I have two personal benchmarks for RSS subscribers:

  1. More, please
  2. Enough subscribers to give me insight on what motivates clicking through to my site. I find motivation to click to be verrry engaging.

My subscription number is a little higher when I have built anticipation of what will be appearing next, and it goes down noticeably when I post less than two or three times a week. I’m learning that I should not promise ahead. Creativity flows, but not necessarily as projected. The best possible situation is to have some “get em, got em, good” SEO-type posts written ahead. I’m not there, yet – LOL – and, until I am, there will be fewer promises.

The momentum needed to build an RSS subscriber base can be grueling. Anyone who calls blogging “passive income” has not done it for real.

Clicks are cool. Feedburner’s graph of RSS users’ clicks back to my site shows a dramatic increase that seems to be paralleling my dramatic bounce rate, click-through volume going as high as 80% of my total subscriber number. This fascinates me, especially since I offer full text feeds. RSS subscribers already have the full text, so why are they coming to http://ablereach.com? What should I be looking at?

Time on Site

Time on site is my favorite statistic. I have no benchy mark for TOS because I can never get enough. TOS can be…. heartwarming, in an admittedly nerdy way. Is “heartwarming” a benchmark?

For instance, my favorite TOS numbers come from my WordPress tutorial pages. It’s very rewarding to look for what pages have the highest TOS and see that users have spent 8-14 minutes looking at a sidebar tutorial. I imagine that they are working through my tutorial, with their WordPress install open in another tab.

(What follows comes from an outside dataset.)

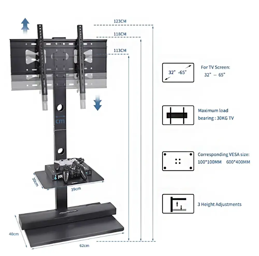 • Universal TV Wall Mount: This TV mount with shelves creates a modern look for your audio video equipment. Our articulating TV floor mount is compatible with most 32″-65″ televisions, including LED, LCD, Plasma, and flat screen monitors.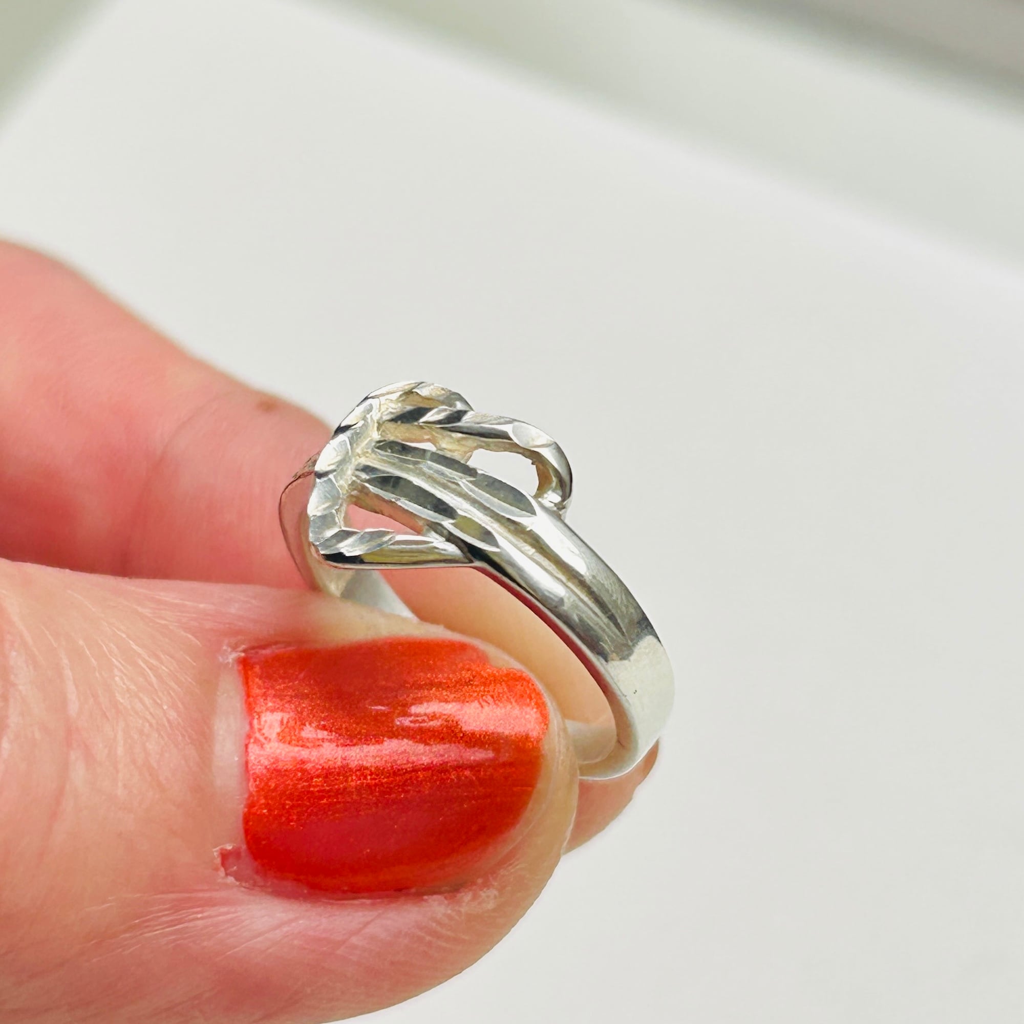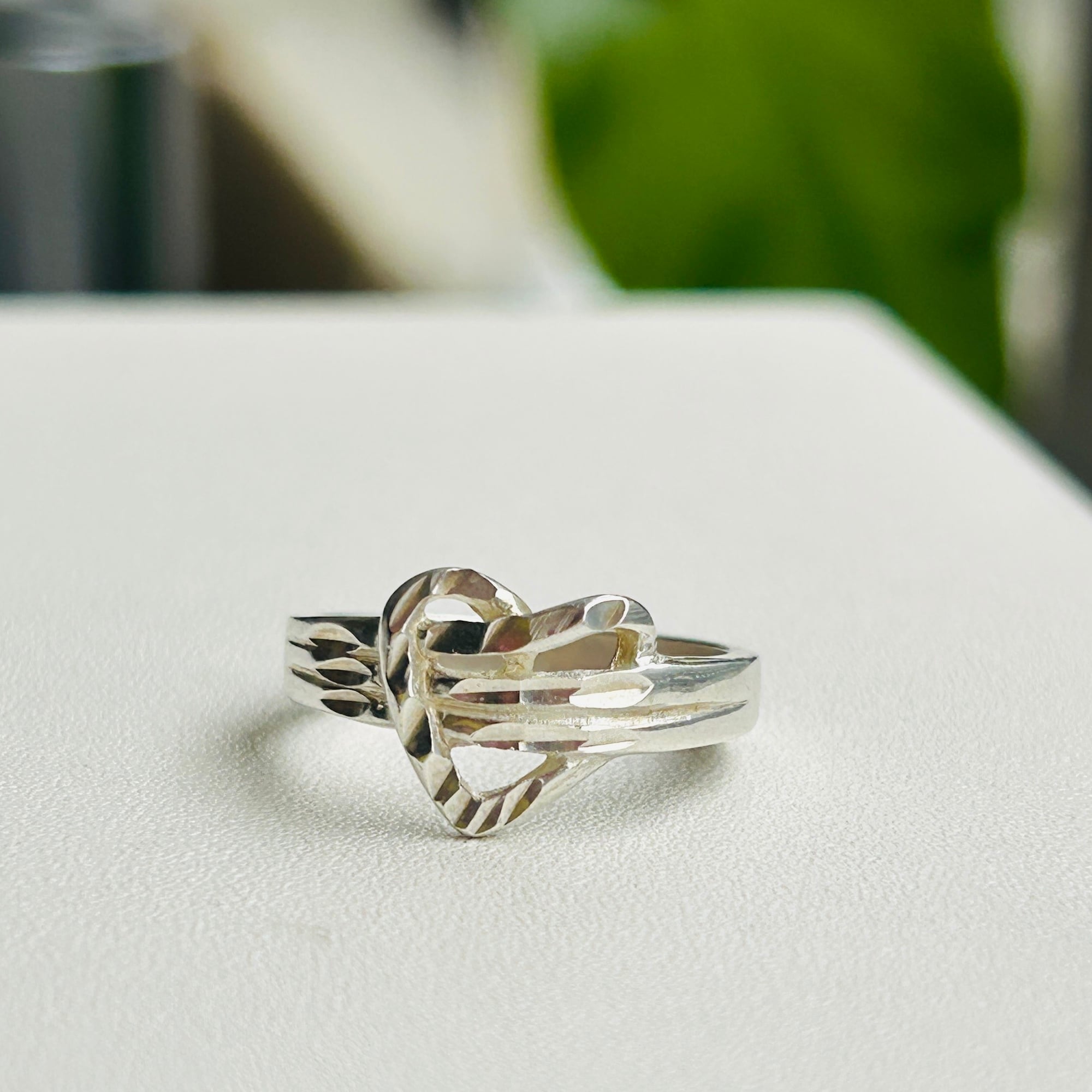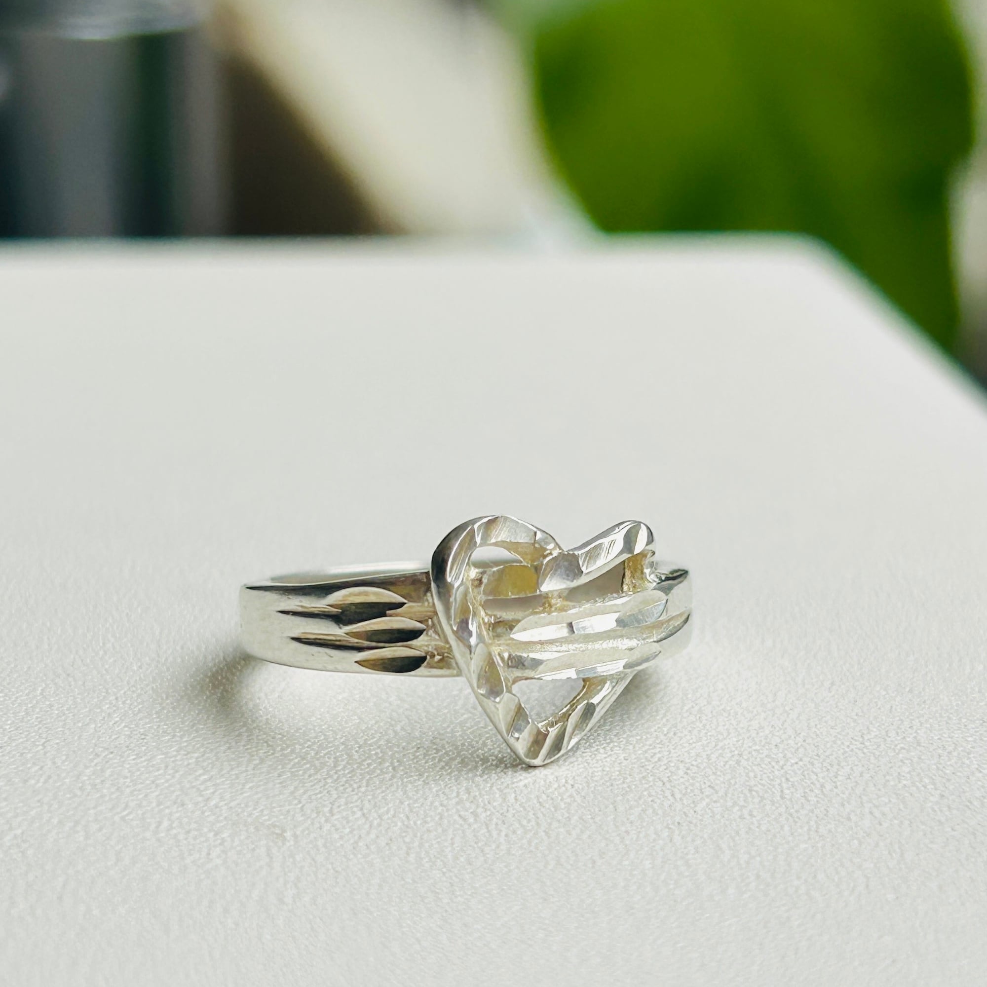 カット模様が入った捻りハートリング。このようなカット模様が放つ独特の輝きがお気に入りです。嬉しい小さめサイズ。沢山着けて可愛い手元に!内側に「925」刻印。

My average TOS is just under a minute, with about 1.36 pages per visit, more TOS for returning visitors and less for first-timers. Most posts are too long to read in under a minute.

I have a few theories for the low Time On Site. RSS readers who click through may have already read the page. Sphinn traffic, I am convinced, either doesn’t read or has already read a post elsewhere in feeds or through other social media. Social Media traffic in general can be made up of skimmers who stay just long enough to decide if they wanted to be there at all. When my SM traffic is high, TOS is really, really low. Most of my new visitors are from Social Media. New visitor TOS is averaging about .26 minutes, whereas returning visitors, including SM, average about two minutes.

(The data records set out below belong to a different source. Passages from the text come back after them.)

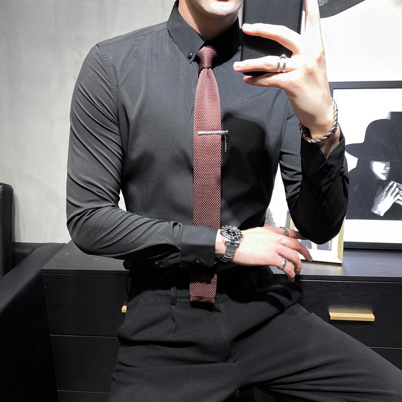 Business casual shirt male long sleeve Korean version trendy fit in a white shirt suit with a hitch bottom shirt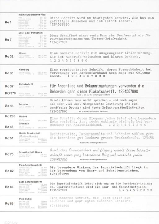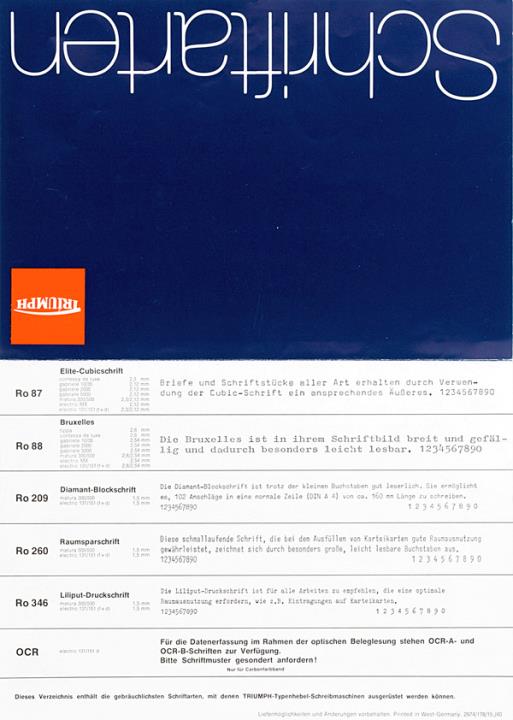 Schriftartenverzeichnis für Schreibmaschine Triumph Nr. 2974/178/15./40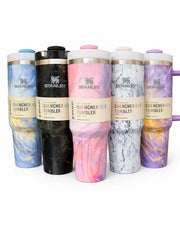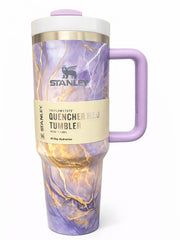 The Stanley Quencher H2.0 40oz Marble-Flow Tumbler with Handle combines a bold marble look with serious everyday practicality.
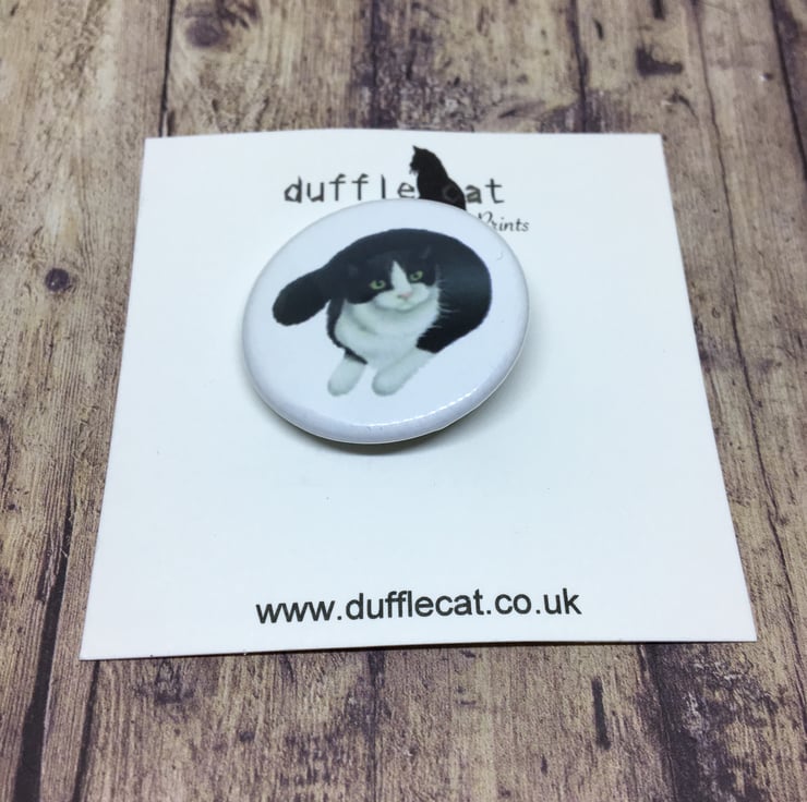 A Black and White Cat badge. Standard, 3cm (1.25") round badge, Covered with scratch and UV-resistant Mylar. Metal and plastic. With a steel pin back.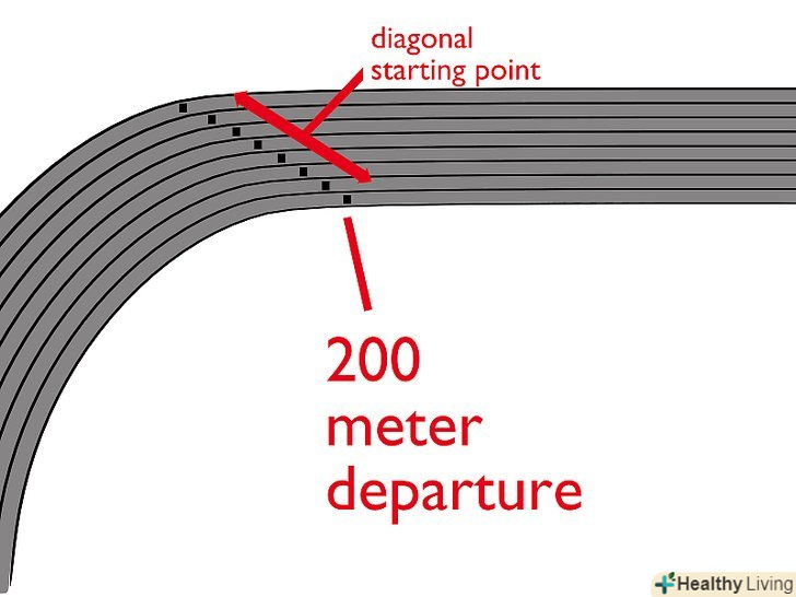 - У забігу на 200 м кожен бігун стартує зі своєї лінії. Зайнявши свою, встановіть стартові колодки і виконайте крок 3.

Though my TOS goals are strictly feelgood, my version of feelgood always wanders over into user experience. For instance, I wonder if my SM TOS will increase if I start adding images to break up the page a bit: would that help skimmers read? So many things to experiment with, so little time.

Comments

Got ’em and love ’em, and am always pleasantly surprised.

For a newer blog, comments are like a magical life force. Once in a while I even get personal emails. I especially like getting personal emails on slow traffic days, because they remind me to have faith that my invisible friends are reading and enjoying their feeds.

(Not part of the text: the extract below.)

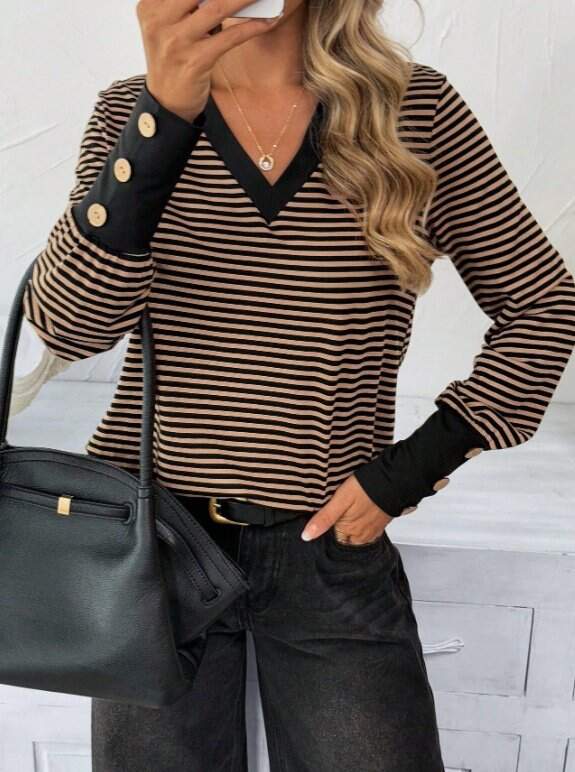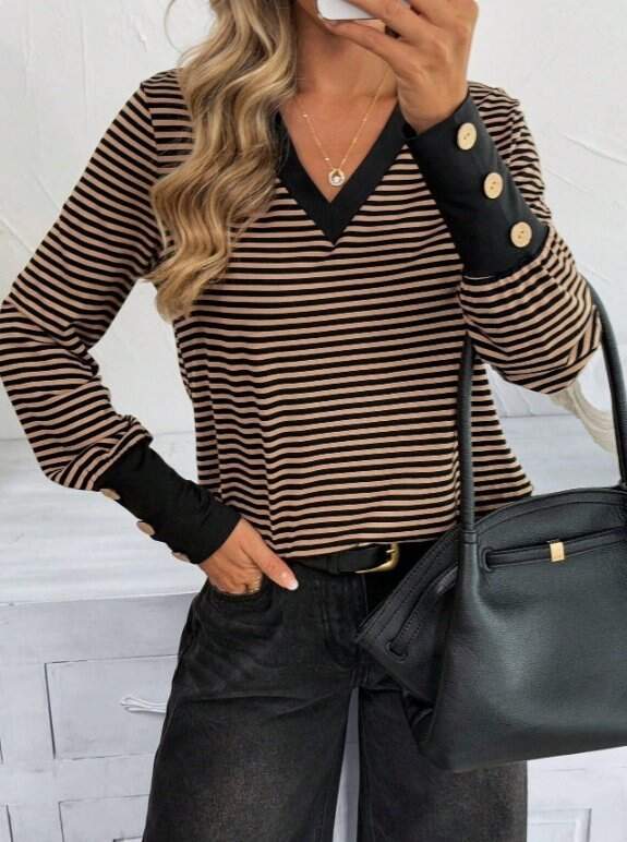 Kadın Uzun Kollu V Yakalı Desenli Süprem Bluz

I enjoy the give and take of comments. Here, I’d like to encourage lower traffic bloggers who want more comments to do three things:

  1. Directly ask friends for feedback – email, chat, telephone, whatever it takes to reach out and touch someone
  2. Be available for the same for them
  3. Leave meaningful comments on other blogs
  4. Link to those you admire
  5. Link to friends and fans
  6. Enjoy the process

Conversion

For this site, now, my definition of conversion is when readers are motivated to do more than read what is in front of them. For instance:

  • RSS subscribers clicking through to the site
  • Readers leaving comments
  • Readers who Stumble, Sphinn or bookmark

Keeping an eye on what seems to be causing these three things will continue to give me ideas about how to get more of them, as outlined in various sections above. Though my priorities are a little different, I still can use what benchmarks are reported for similar sites to give a heads-up on where I may have problems. IMHO “problem” is another word for “unmet potential.”

Four months into this blog, having identified these three things as “conversions” gives me a frame of reference for measuring success, and that’s what benchmarks are for.